## PROBLEM DESCRIPTION
Pictures in the listing below are skipped, while the lines from the "1977 ICE HOCKEY SIGNED BY KEN DRYDEN" line through the "水位上涨 帐篷、天幕泡在水里(图源:应急管理部)" line are returned word for word.

## DATA

■ ■ ■ ■ ■

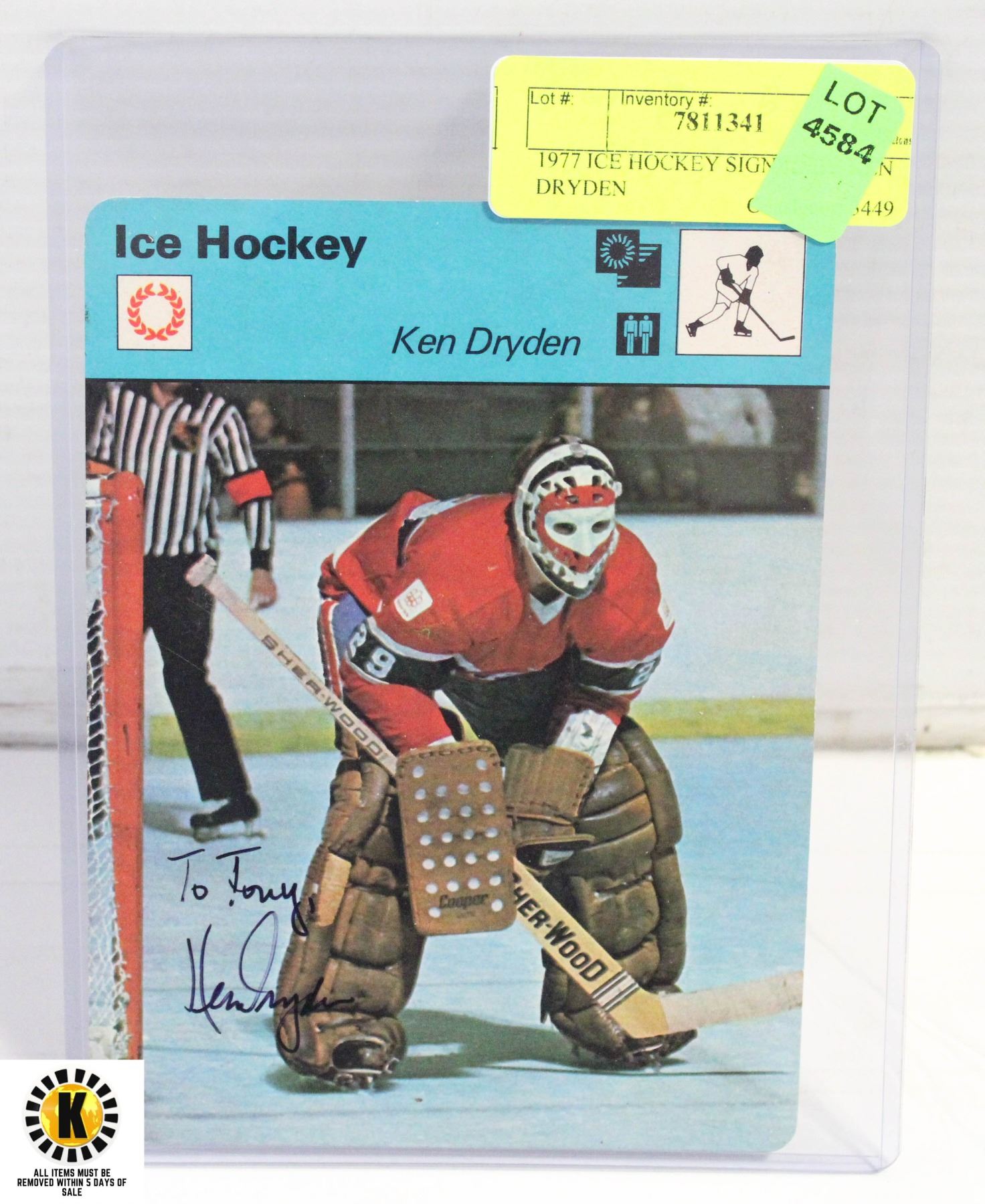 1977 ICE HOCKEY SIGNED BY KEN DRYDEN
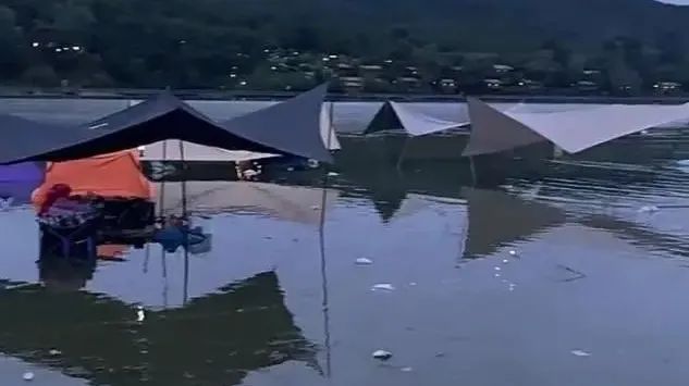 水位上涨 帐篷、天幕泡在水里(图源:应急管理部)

■ ■ ■ ■ ■

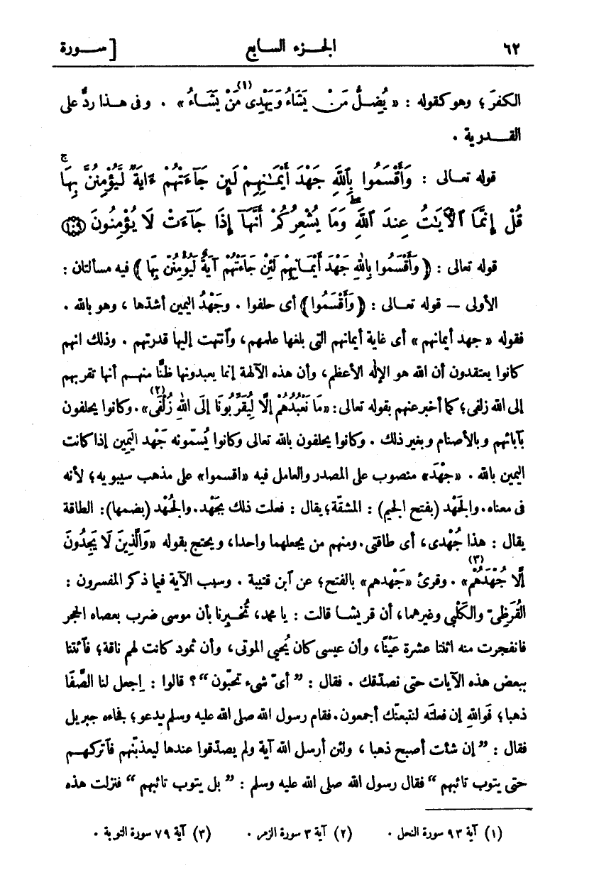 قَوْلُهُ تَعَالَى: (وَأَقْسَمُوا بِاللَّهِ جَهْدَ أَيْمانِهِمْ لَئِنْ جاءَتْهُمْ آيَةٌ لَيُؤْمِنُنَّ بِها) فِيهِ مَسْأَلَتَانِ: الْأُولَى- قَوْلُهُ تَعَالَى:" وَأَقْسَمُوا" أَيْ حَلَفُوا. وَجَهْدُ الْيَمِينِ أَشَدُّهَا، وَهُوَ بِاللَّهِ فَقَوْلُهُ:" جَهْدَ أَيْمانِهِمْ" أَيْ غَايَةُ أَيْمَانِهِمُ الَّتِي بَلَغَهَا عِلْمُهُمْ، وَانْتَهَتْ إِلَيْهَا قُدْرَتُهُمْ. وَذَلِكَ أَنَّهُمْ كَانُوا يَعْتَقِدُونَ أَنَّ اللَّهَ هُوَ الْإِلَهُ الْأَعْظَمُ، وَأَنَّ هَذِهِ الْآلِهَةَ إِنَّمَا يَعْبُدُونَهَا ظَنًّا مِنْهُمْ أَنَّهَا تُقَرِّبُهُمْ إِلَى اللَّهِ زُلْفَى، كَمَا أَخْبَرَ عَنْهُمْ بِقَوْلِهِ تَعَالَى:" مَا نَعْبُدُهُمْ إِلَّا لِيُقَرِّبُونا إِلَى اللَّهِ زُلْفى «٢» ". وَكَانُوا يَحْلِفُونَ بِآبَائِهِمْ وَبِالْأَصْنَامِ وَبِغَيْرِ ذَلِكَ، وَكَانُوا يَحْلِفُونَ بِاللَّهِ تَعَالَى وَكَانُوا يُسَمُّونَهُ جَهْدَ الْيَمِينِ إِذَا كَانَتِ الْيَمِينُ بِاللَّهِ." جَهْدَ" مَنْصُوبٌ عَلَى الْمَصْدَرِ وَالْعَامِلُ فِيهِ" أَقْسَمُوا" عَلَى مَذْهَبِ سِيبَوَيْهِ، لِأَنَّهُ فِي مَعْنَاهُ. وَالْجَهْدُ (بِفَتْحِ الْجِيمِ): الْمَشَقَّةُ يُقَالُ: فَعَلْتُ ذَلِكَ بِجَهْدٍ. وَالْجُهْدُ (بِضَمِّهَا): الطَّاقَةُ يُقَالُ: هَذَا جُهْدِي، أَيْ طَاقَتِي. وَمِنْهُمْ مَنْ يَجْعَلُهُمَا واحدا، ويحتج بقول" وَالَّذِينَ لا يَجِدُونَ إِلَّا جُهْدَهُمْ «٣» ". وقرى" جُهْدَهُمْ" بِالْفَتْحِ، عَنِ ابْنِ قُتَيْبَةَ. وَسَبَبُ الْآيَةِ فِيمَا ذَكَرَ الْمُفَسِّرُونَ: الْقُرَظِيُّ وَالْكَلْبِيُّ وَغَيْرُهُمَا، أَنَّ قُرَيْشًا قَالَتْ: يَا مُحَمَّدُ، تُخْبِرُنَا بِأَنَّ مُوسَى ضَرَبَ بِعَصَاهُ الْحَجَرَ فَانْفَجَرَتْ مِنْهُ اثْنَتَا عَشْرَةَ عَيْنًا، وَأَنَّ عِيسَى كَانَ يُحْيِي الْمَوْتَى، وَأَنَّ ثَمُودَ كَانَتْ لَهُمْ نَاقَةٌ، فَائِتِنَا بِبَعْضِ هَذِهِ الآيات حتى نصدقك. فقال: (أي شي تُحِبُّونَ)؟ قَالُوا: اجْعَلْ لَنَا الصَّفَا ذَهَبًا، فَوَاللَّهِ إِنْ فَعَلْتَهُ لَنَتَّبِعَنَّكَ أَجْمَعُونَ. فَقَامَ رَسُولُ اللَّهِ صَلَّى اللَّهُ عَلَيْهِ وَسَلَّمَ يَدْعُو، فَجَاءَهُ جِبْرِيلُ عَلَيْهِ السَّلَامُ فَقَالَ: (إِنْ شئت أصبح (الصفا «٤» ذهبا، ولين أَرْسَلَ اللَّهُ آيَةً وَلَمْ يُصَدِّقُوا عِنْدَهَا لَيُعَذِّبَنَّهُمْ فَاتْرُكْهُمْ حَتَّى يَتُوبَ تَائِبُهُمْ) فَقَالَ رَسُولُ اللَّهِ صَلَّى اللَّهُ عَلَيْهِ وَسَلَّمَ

■ ■ ■ ■ ■

## WRITTEN RESPONSE
 1977 ICE HOCKEY SIGNED BY KEN DRYDEN
 水位上涨 帐篷、天幕泡在水里(图源:应急管理部)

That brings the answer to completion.